To have identical twins in the same Olympic event is rare. To have identical triplets, extraordinary. And to have one set of each competing in the same race is frankly off the scale.

But that is what will happen on Sunday in Rio when Germany's Anna and Lisa Hahner line up against Leila, Liina and Lily Luik of Estonia.

“People are going crazy!” said Leila on Thursday, reflecting on the media appetite for stories about the two sets of long-distance sporting sisters.

As the five women conducted rounds of media interviews within a few metres of each other on a rooftop terrace overlooking Rio de Janeiro, they discussed the strategy of sibling marathon running and the challenges for spectators and opponents in telling them apart.

“I think it is a great advantage to have a twin sister because we can support each other and we always think it means we have a double chance of having a good result,” said Anna Hahner. “We encourage each other, push each other...”

“And we are just enjoying it together,” Lisa completed the sentence.

The 26-year-old Germans, from a small village near Fulda, northeast of Frankfurt, will be competing in the same marathon for only the third time.

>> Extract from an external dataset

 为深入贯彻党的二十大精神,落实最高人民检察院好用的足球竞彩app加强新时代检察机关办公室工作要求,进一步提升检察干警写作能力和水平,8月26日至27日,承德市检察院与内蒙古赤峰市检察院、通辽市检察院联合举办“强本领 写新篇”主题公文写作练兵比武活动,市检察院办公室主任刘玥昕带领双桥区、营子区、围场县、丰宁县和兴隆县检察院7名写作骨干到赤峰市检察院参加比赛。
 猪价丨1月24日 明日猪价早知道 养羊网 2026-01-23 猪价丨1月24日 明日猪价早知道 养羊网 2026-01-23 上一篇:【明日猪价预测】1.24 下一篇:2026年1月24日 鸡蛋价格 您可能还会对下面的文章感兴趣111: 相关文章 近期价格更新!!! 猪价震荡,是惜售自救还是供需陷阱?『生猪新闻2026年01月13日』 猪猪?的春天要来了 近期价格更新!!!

Normally one runs while the other helps with preparation and interviews and supplies water during the race.

Anna has already run one Rio marathon last year, an experience that might help both of them as they drive themselves through the pain of the 42.2 km (26 miles, 385 yards) in temperatures forecast to reach 28 Celsius (82 Fahrenheit)

Side by side

Lisa outlined their gameplan. “We will definitely start together and then we will see. We both want to do our best and if it works out that we are able to run a long way together, then that's even better.”

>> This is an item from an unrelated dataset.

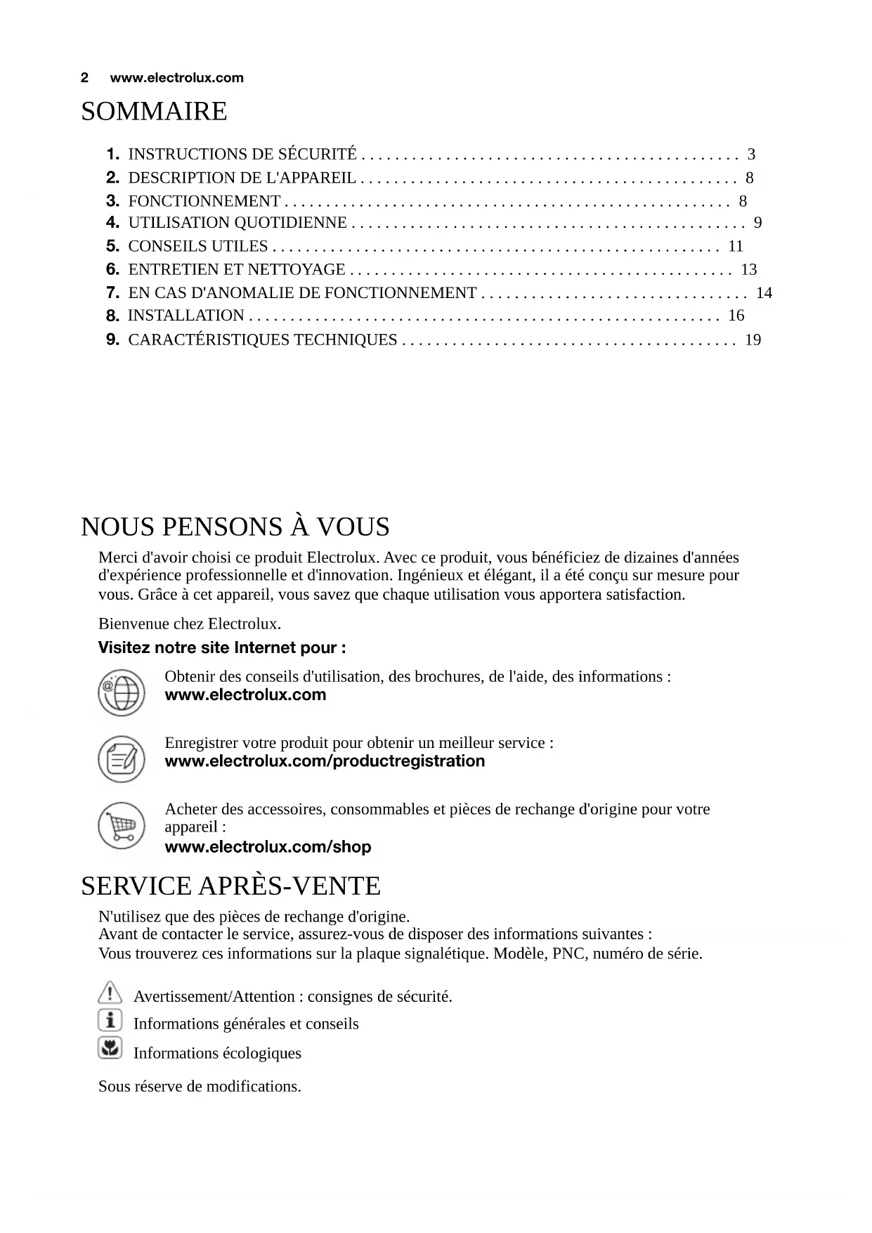 NOUS PENSONS À VOUS Merci d'avoir choisi ce produit Electrolux. Avec ce produit, vous bénéficiez de dizaines d'années

If one of the pair wants to break away, the sisters said, the other will shout “Go Anna!” or “Go Lisa!” and they will reunite at the finish. Lisa is the German champion but Anna has the faster personal best of 2 hours 26.44 seconds, one minute and 55 seconds inside her twin's lowest time.

The quickest of the Estonian “Trio to Rio” - aged 30 and believed to be the first set of identical Olympic triplets - is Leila, on 2:37.12. For comparison, the Games record set by Tiki Gelana of Ethiopia at London four years ago is 2:23.07.

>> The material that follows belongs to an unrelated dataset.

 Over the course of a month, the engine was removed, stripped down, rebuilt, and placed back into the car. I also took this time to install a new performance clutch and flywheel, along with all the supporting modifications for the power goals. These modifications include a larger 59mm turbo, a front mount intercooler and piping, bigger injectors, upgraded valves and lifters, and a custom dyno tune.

“We know the German twins. We have been a couple of times together in Kenyan (training) camp. They're very fast girls. I think they run pretty much better than us,” said Lily.

The combination of the two fair-haired Germans and the three blonde, blue-eyed Estonians is likely to make life challenging for viewers and commentators on Sunday. But confusion on race circuits is nothing new, Leila explains.

“When first one (of us) passes the audience on the same lap, and then comes the second. It happened in Zurich in 2014. And then comes the second sister and the audience goes 'What!? Such a fast second lap!'"

Three days before their race, at what for most Olympic athletes is a tense time, both sets of sisters laugh readily and appear relaxed as they support each other and share their excitement about making it to Rio.

“I think the feeling we want to have on Sunday is that we know we have given everything and done the best that we could do on the day,” said Anna Hahner. “We will be happy and exhausted when we are over the finish line.”